Я сидел в оцепенении, потом резко встряхнул ее за плечи, прислонился к груди, пытливо вслушивался – нужно же сделать хоть что-то, верно? В одной газете я читал глупую статью из медицинской хроники о возможности вновь запустить остановившееся сердце, будто бы оно представляет собой ржавый механизм, который достаточно обильно смазать, чтобы он заработал, как прежде, – только сейчас мне не хотелось смеяться над умозаключениями докторов. Я решил ударить служанку в точности по описанному, но мои слабые попытки не возымели успеха. Да и как я мог поднять на кого-то кулак?
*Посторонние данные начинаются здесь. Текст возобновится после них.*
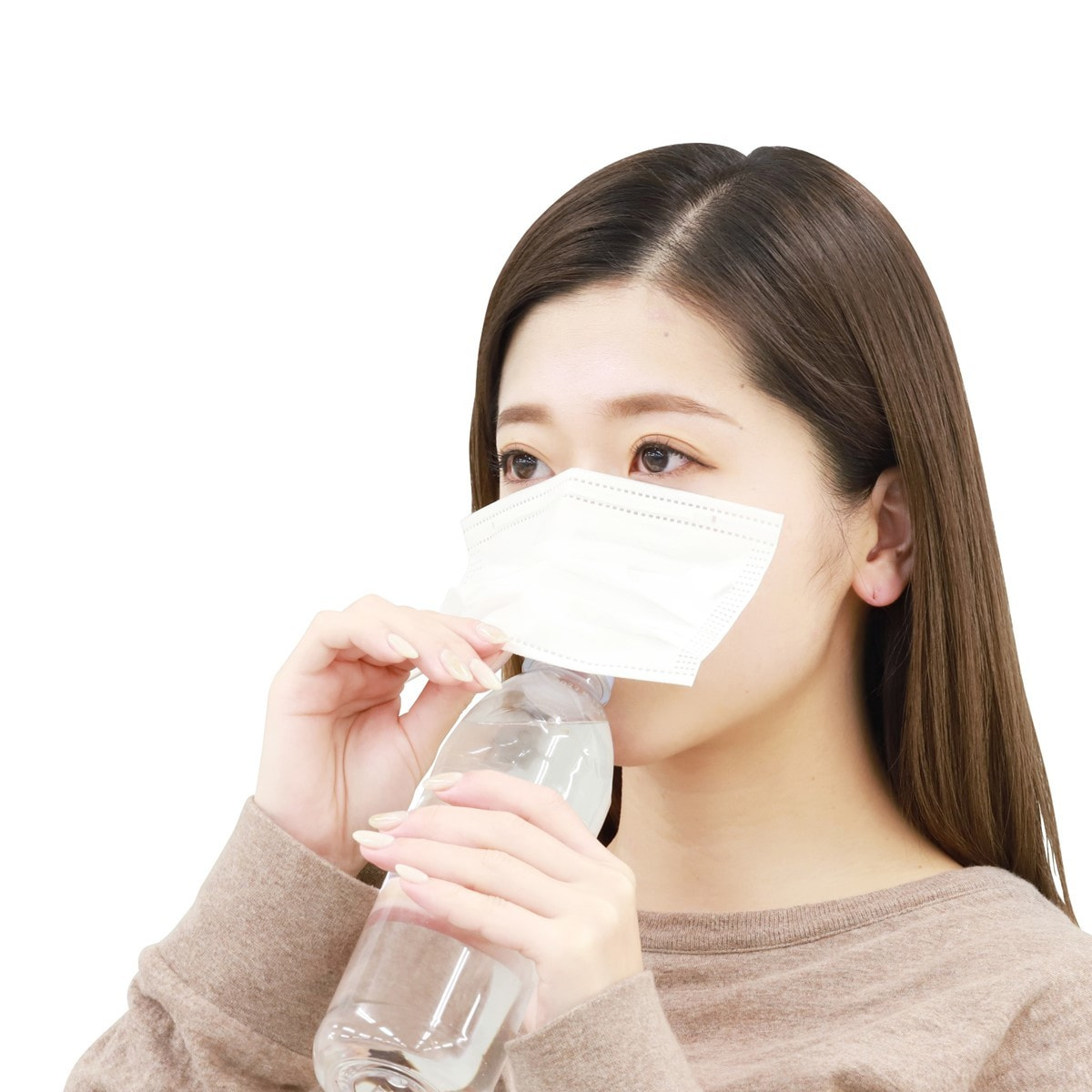 通常の不織布マスクと同形状で顔に馴染みやすく、抵抗感なくお使いいただけます。

Время шло, светало, значит через час заработают люди на кухне, выйдет прачка. А у меня в спальне лежит бездыханное тело, и я в одних кальсонах расхаживаю по комнате, глотая слезы. Потерянный, беспомощный, охваченный страхом. За что мне такие испытания?..

В коридоре и на нижнем этаже стояла прежняя тишина. Ловя каждый порыв воздуха, я приоткрыл дверь. Убеждая себя в том, что Жоржетта просто спит, бережно подняв ее, весь мокрый от волнения я спустился по лестнице и оставил служанку на диване в гостиной, будто утомленная делами, присев на минуту, она случайно попала в объятья Морфея. Я сложил ей руки на коленях, и она действительно выглядела столь естественно, словно вот-вот очнется. Радостная улыбка так и застыла на ее губах, так и закаменеет теперь навсегда. Неслышно я вернулся к себе, сдерживая рыдания. Как мне было жаль эту юную угасшую жизнь! И хотя я понимал, что моей вины в столь внезапной смерти нет, что произошло роковое стечение обстоятельств, совесть слишком терзала душу. Зашторив наглухо окно, я упал на постель, стараясь отодвинуться от того края, где еще недавно молчала Жоржетта, и провалился в бесконечную темноту. Черные лапы бездны сковали мой разум.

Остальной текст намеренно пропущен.